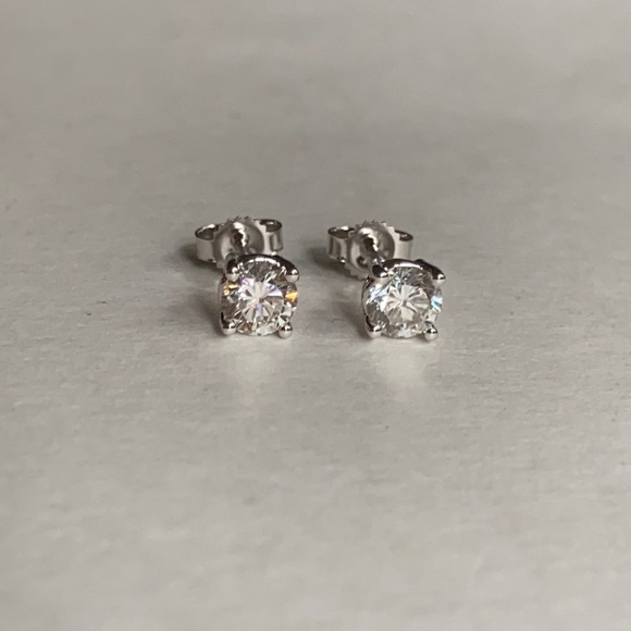 Moissanite Fire SOLID 10K white gold earrings Approximately 1.00 carat diamond equivalent total weight for the pairDouble notched posts with clutch backsBeautiful white sparkling stonesCharles Winston design Good used condition, rarely worn Certificate of authenticity Only reasonable offers considered LOWBALLS WILL BE DECLINED FINAL SALE, NO RETURNS
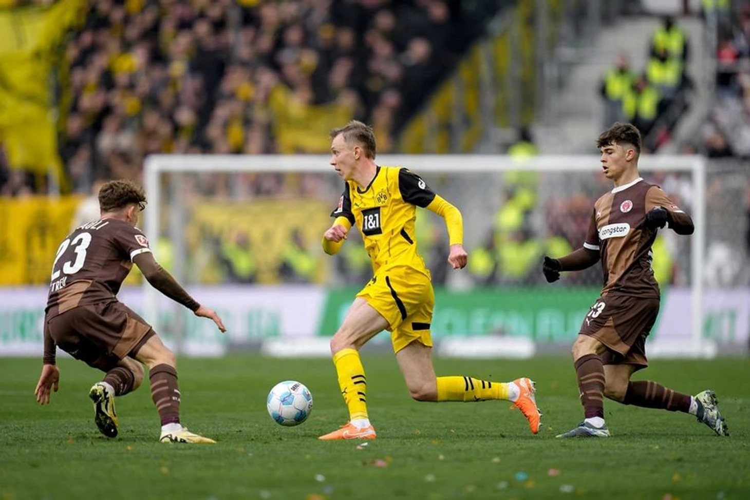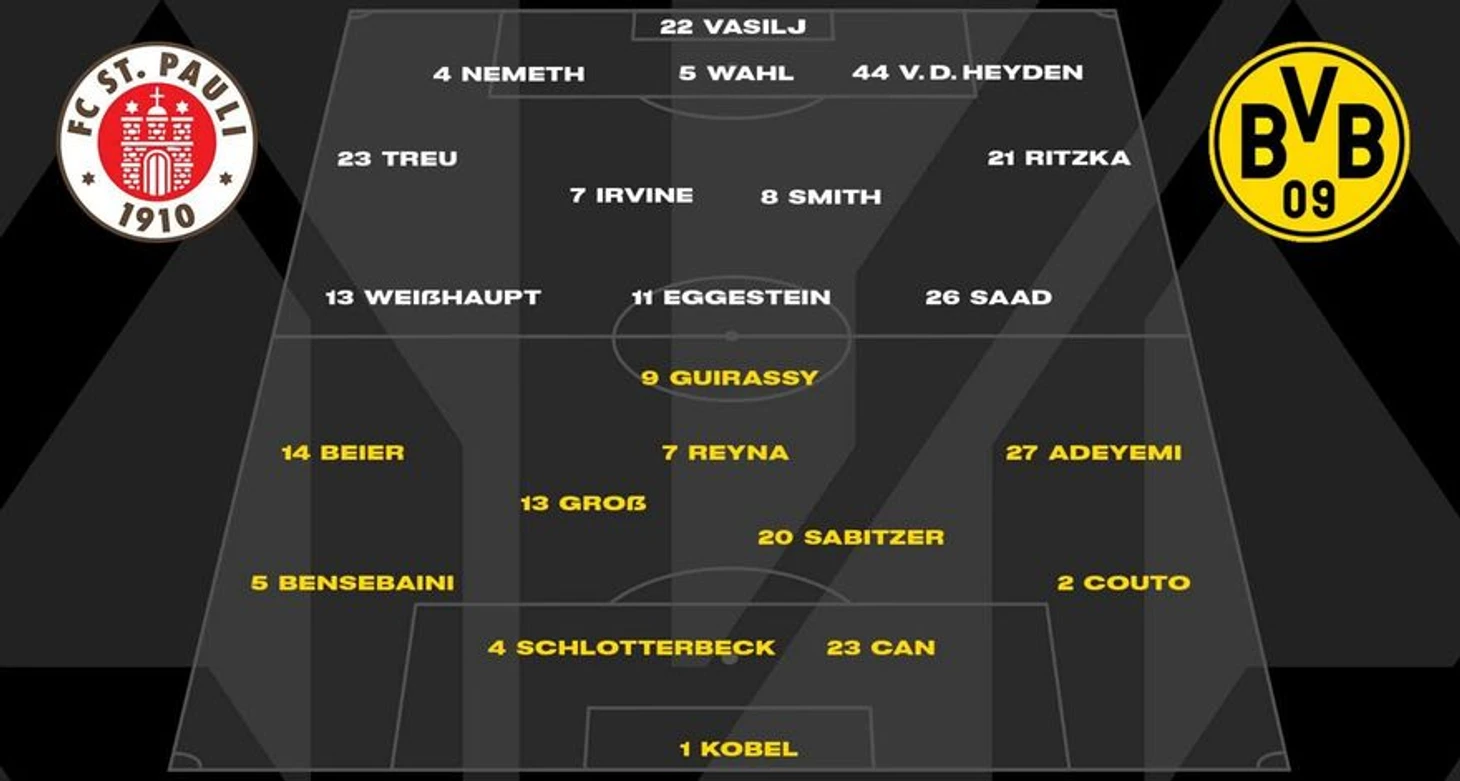 В субботу 1 марта состоялась большая часть матчей тура, включая встречу в Гамбурге, в которой на своем стадионе «Миллернтор» местный клуб «Санкт-Паули» принимал дортмундскую «Боруссию». Главный тренер хозяев Александер Блессин выставил на игру максимально боевой состав на данный момент: Никола Василь, Давид Немет, Хауке Валь, Зибе ван дер Хейден, Филипп Трой, Джексон Ирвин, Эрик Смит, Ларс Рицка, Ноа Вейсхаупт, Йоханнес Эггештайн и Элиас Саад. Гамбуржцы оборонялись по схеме в 5 защитников, а когда мяч переходил к ним, то расстановка менялась на 3-4-3 с длинными передачами вперед.
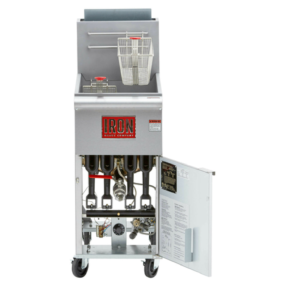 Iron Range, IRF-50 LPG, Fryer, liquid propane gas, floor model, 50 lb. oil capacity, 1-millivolt thermostat, 200°F - 400°F temperature range, (4) heat tubes 30,000 BTU each, (2) nickel plated baskets, auto reset high limit control, stainless steel front, sides, door & tank, stainless steel flue riser, 1-1/4" ball type full port drain valve, 5" casters, 120,000 BTU total, cETLus, ETL-Sanitation
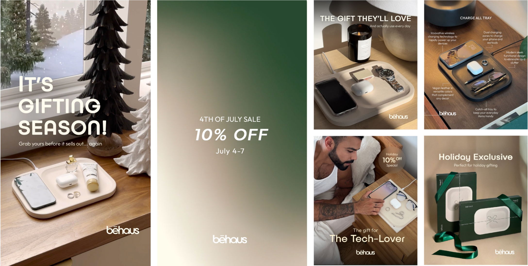 Seasonal storytelling played a key role in connecting the product to real-life moments. Holiday campaigns, around Christmas and Valentine’s day, positioned Bēhaus as a thoughtful, design-forward gift, embedding the product within meaningful domestic rituals.
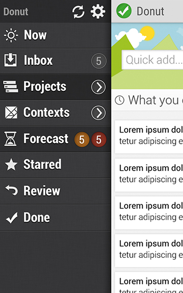 Donut is a Web and Android app inspired by OmniFocus, that helps people collect and organize their tasks.
# # #
* [Action item] Print all the records again exactly; do not include any picture.

* [Answer box]
 Moissanite Fire SOLID 10K white gold earrings Approximately 1.00 carat diamond equivalent total weight for the pairDouble notched posts with clutch backsBeautiful white sparkling stonesCharles Winston design Good used condition, rarely worn Certificate of authenticity Only reasonable offers considered LOWBALLS WILL BE DECLINED FINAL SALE, NO RETURNS
 В субботу 1 марта состоялась большая часть матчей тура, включая встречу в Гамбурге, в которой на своем стадионе «Миллернтор» местный клуб «Санкт-Паули» принимал дортмундскую «Боруссию». Главный тренер хозяев Александер Блессин выставил на игру максимально боевой состав на данный момент: Никола Василь, Давид Немет, Хауке Валь, Зибе ван дер Хейден, Филипп Трой, Джексон Ирвин, Эрик Смит, Ларс Рицка, Ноа Вейсхаупт, Йоханнес Эггештайн и Элиас Саад. Гамбуржцы оборонялись по схеме в 5 защитников, а когда мяч переходил к ним, то расстановка менялась на 3-4-3 с длинными передачами вперед.
 Iron Range, IRF-50 LPG, Fryer, liquid propane gas, floor model, 50 lb. oil capacity, 1-millivolt thermostat, 200°F - 400°F temperature range, (4) heat tubes 30,000 BTU each, (2) nickel plated baskets, auto reset high limit control, stainless steel front, sides, door & tank, stainless steel flue riser, 1-1/4" ball type full port drain valve, 5" casters, 120,000 BTU total, cETLus, ETL-Sanitation
 Seasonal storytelling played a key role in connecting the product to real-life moments. Holiday campaigns, around Christmas and Valentine’s day, positioned Bēhaus as a thoughtful, design-forward gift, embedding the product within meaningful domestic rituals.
 Donut is a Web and Android app inspired by OmniFocus, that helps people collect and organize their tasks.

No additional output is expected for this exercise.